Quelques points d'évaluation des guerres de Chaka (
article Wikipedia) et du bouleversement démographique et migratoire qu'il engagea ou accompagna, le mfecane :
Citation:
Contexte : les Zoulous envahissent leurs voisins bantous en plusieurs vagues de déplacements. Surnommé le « Napoléon noir », le roi Shaka soumet le Natal et fédère 283 tribus. Même après son assassinat en 1828, certaines tribus bantoues vaincues fuient vers le nord jusqu’au Tanganyika et, adoptant les techniques guerrières des Zoulous, sèment la terreur et la désolation sur leur passage.
onwar.com fait part de l'expansion zoulou (1818-1828) avec 100.000 guerriers bantous (40.000 morts) contre 100.000 guerriers zoulous (20.000 morts)
Mais le
Twentieth Century Atlas fait état dans ses recherches bibliographiques référencées de plus d'un million de morts résultant des guerres de Chaka (Henry Francis Flynn), 2.000.000 morts (George Theal) ou peut-être moins (Eugene Walter), 2.000.000 morts (Britannica) et précise que ces chiffres sont controversés.
Nebuchadnezar a écrit :
Comme toujours, il faut éviter de porter sur des faits des jugements fondés sur des valeurs de notre époque.

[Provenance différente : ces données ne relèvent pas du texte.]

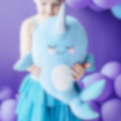 Tyyny/pehmolelu, joka muistuttaa suloista sinistä sarvivalasta. Täydellinen lahja kastajaisiin. Sarvivalas on valmistettu 100% polyesteristä ja on kooltaan noin 36 x 51 cm.
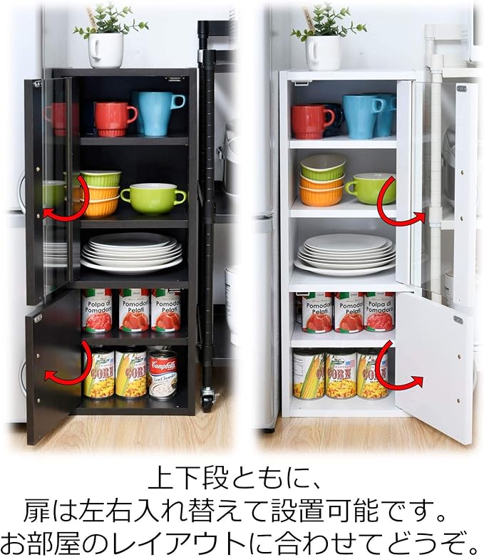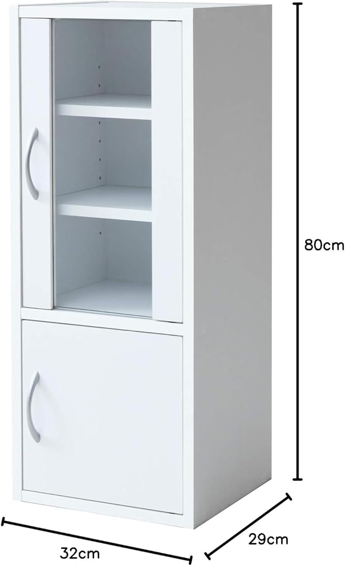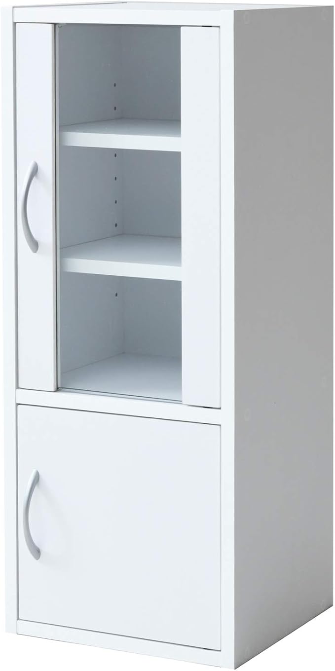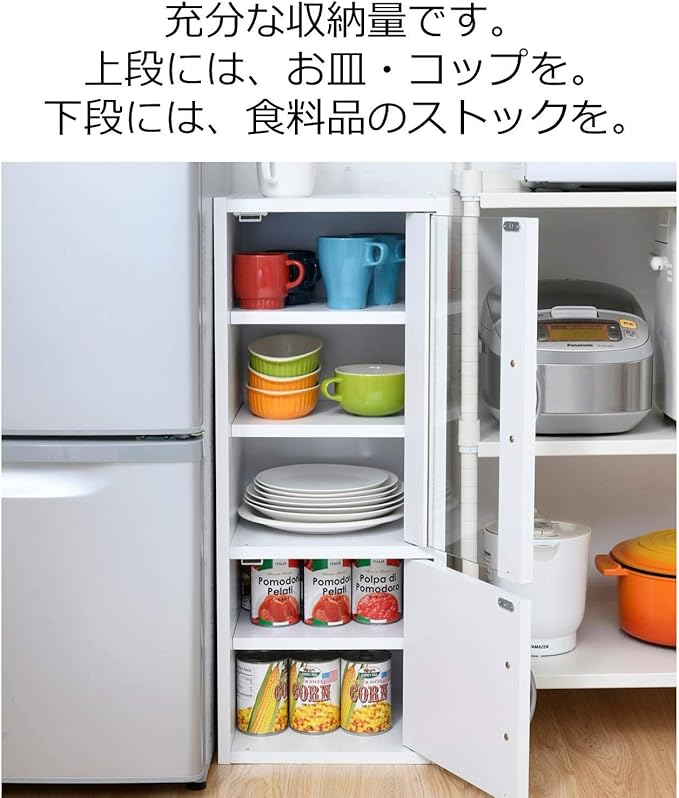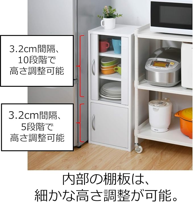 山善(YAMAZEN) 食器棚 (スリム) 幅32㎝ (ミニ) 高さ80 奥行29㎝ (扉が左右付け替えられる/棚板高さ調節) 一人暮らし 組立品 ホワイト CCB-8030(WH)
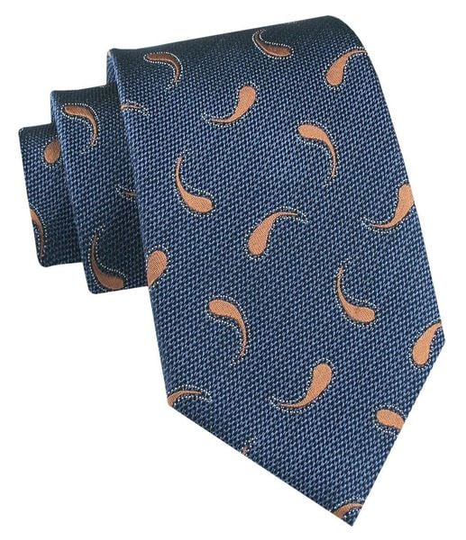 Jedwabny Krawat Męski – His Story – Niebieski w Beżowe Paisley
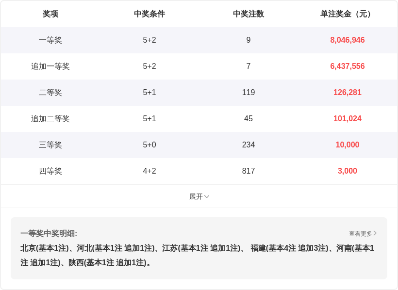 超级大乐透25122期开奖结果02 03 06 16 17 + 04 05,五区比3:0:2:0:0,和值尾4,三区比3:2:0,蓝球号码奇偶为偶、奇。
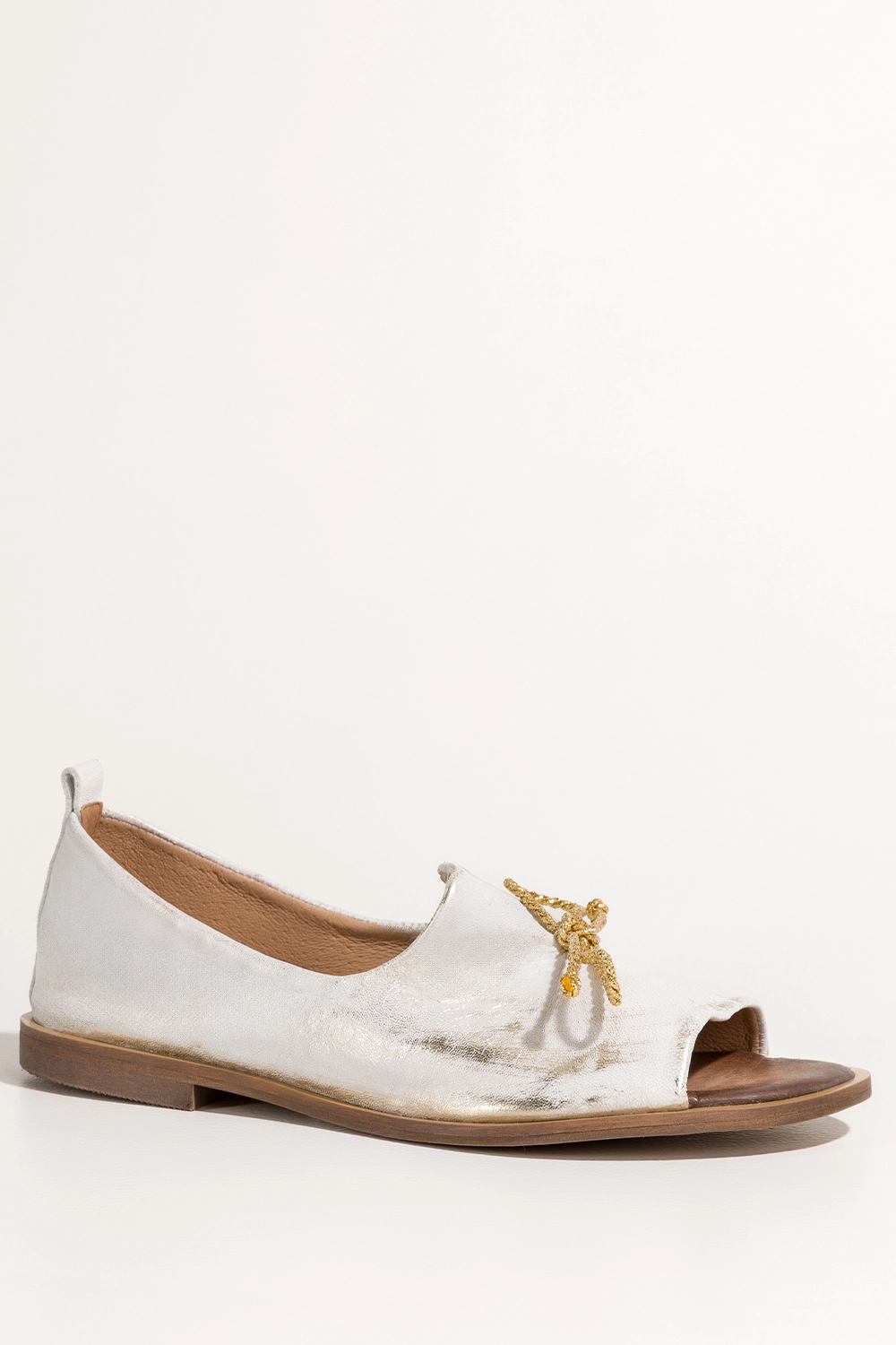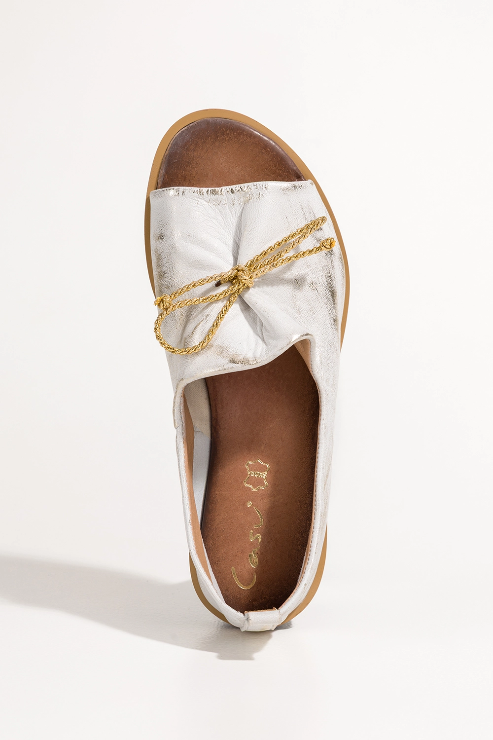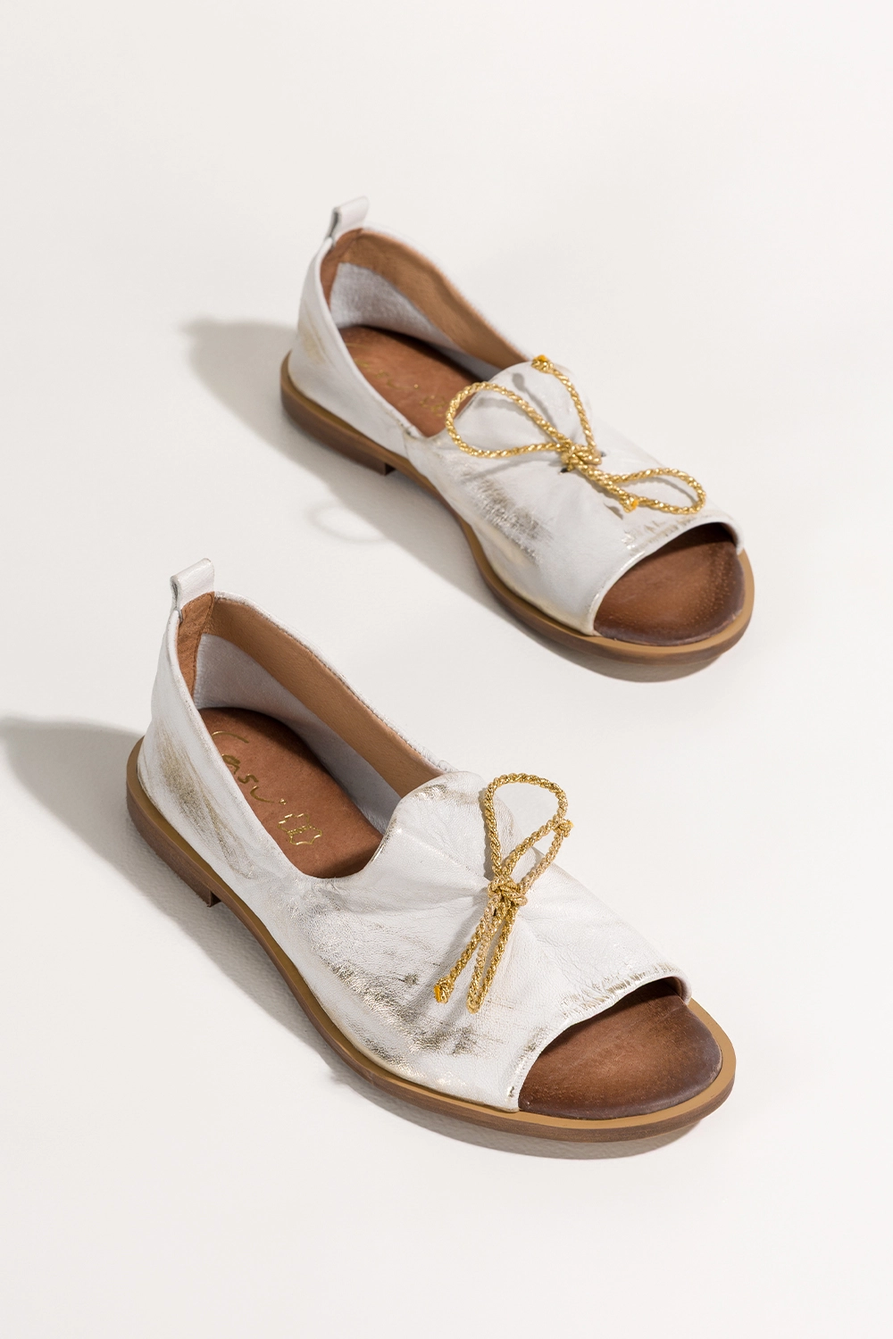 Złote sandały skórzane damskie przecierane zabudowane z kokardą PRODUKT POLSKI Casu 2660-004
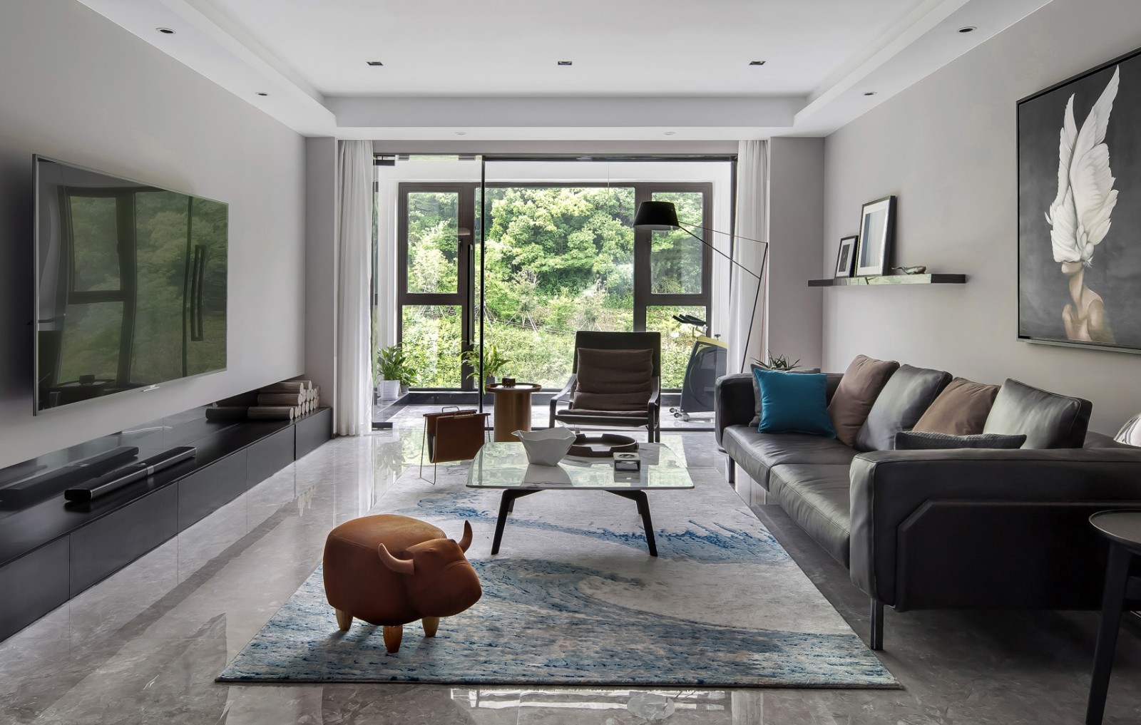 黑色电视收纳柜与褐色真皮沙发相对立,蓝白渲染浅绒地毯犹如蓝天白云,被滞留于足下,使空间不再单调,落地窗设计将户外大片景色贪婪地收入眼底。
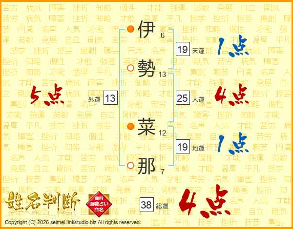 伊(6画)勢(13画) 菜(12画)那(7画)
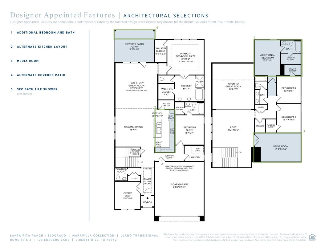 The Llano offers a stylish and open layout designed for modern living. A tray-ceiling foyer welcomes you into the heart of the home, where a beautiful casual dining area, a well-equipped kitchen, and a dramatic two-story great room come together for seamless gathering and relaxation. The kitchen includes a center island and a walk-in pantry—perfect for both everyday meals and entertaining. Just beyond, a covered patio extends the living space outdoors. The main-floor primary suite features a tray ceiling, dual walk-in closets, and a spa-inspired bath with a dual-sink vanity, soaking tub, separate shower, and private water closet. Upstairs, two secondary bedrooms share a full hall bath and are complemented by a central loft overlooking the great room. Additional highlights include a first-floor laundry area, powder room, everyday entry, and a dedicated office.
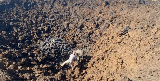 Медіа опублікувало відео, надіслане одним із підписників. На ньому видно клуби чорного диму, що підіймається з-за дахів будинків, а також велику воронку, на дні якої стоїть людина.
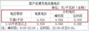 居民自建充电设施电价不满1千伏的电价为0.558元/千瓦时。
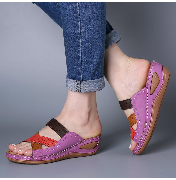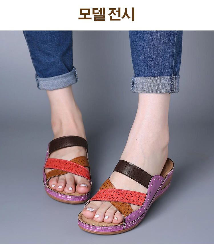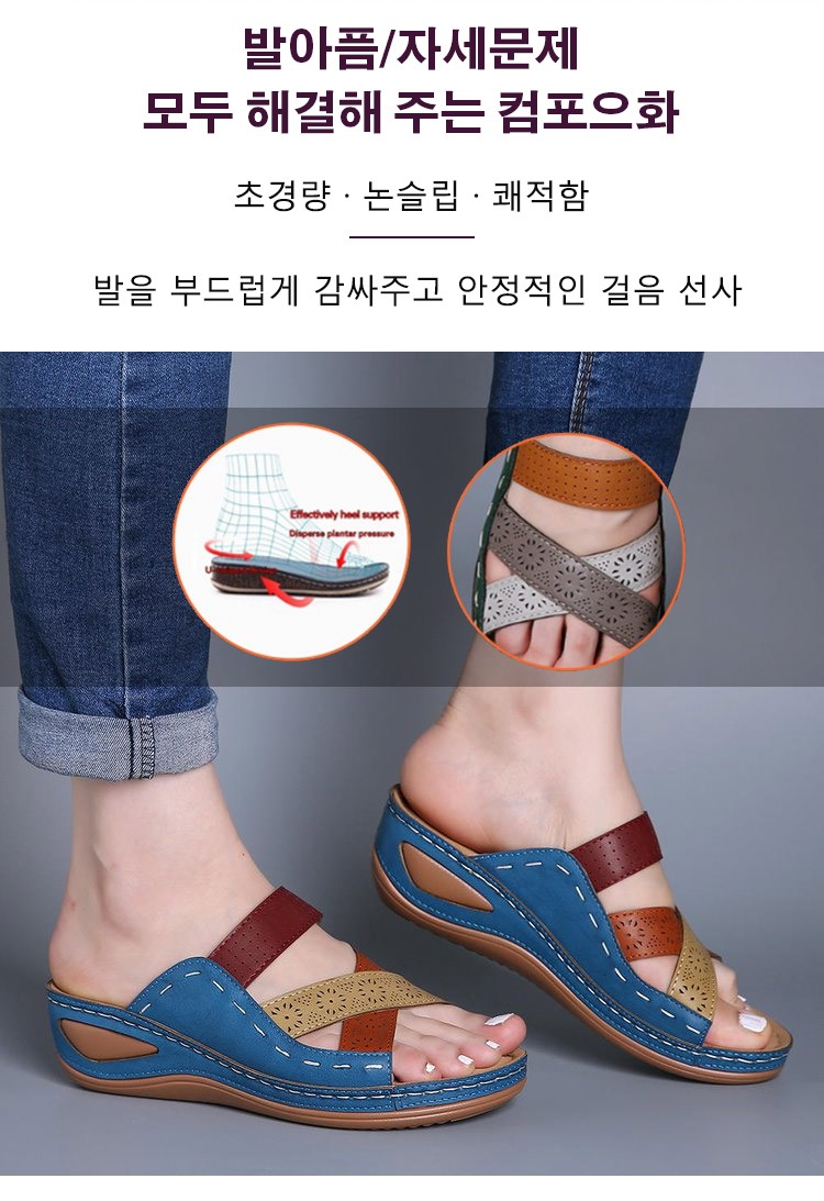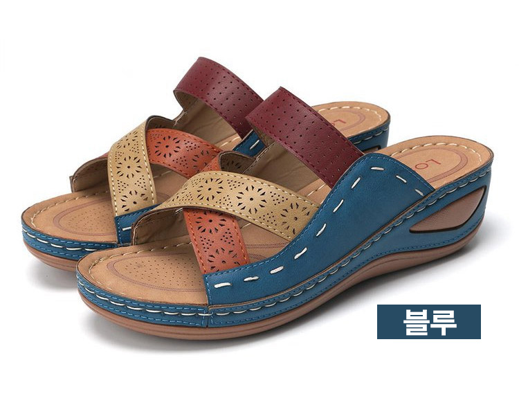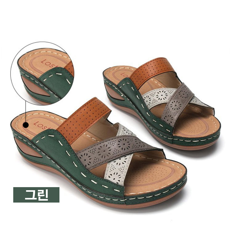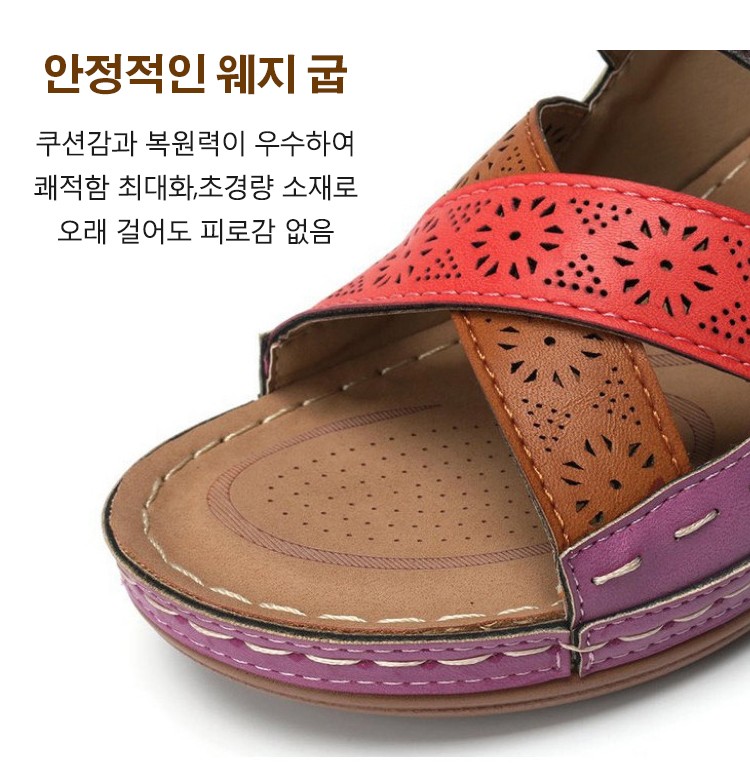 여성 가죽 웨지 컴포트 샌들
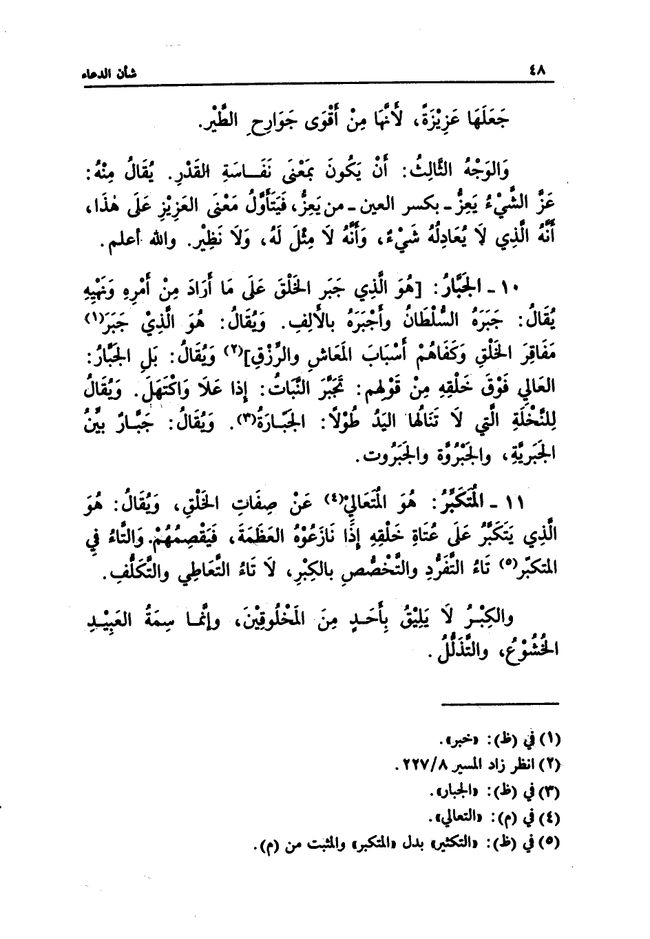 11 - المتكَبر: هُوَ المتعَالِي (¬4) عَنْ صِفَات الخَلْقِ، وَيُقَال: هُوَ الذِي يَتَكَبر عَلَى عُتَاةِ خَلْقِهِ إذَا نَازَعوْهُ العَظَمَةَ، فَيَقْصمُهُمْ وَالتاءُ فِي المتكبر (¬5) تَاءُ التفَرُّدِ والتخْصُّصِ بالكبْرِ، لَا تَاءُ التَّعَاطِي والتَّكَلُّفِ.

Avant la colonisation, l'Afrique avait vu plusieurs conquérants mettre sur pied des empires par la force.
Les méthodes elles-mêmes de Shaka n'ont rien en elles-mêmes d'exceptionnelle : on les retrouve chez les Romains ("Ils répandent la mort et la désolation et appellent cela la paix", dit un chef Calédonien), les Mongols (qui "tuent la terre"), et les Arabes (qui formaient leurs troupes d'élites avec les jeunes Turcs capturés) et tous les bâtisseurs d'empire.
Ce qui frappe surtout, c'est la cohérence et l'ampleur de vue de Shaka.
Il est surtout connu pour avoir révolutionné la tactique des armées du Natal : alors que celles-ci pratiquaient un style de guerre ritualisé, basé sur des jets de lance et des duels, Shaka introduit le combat de masse et le choc frontal et l'enveloppement - la formation en "impie" disposées en "cornes de buffles".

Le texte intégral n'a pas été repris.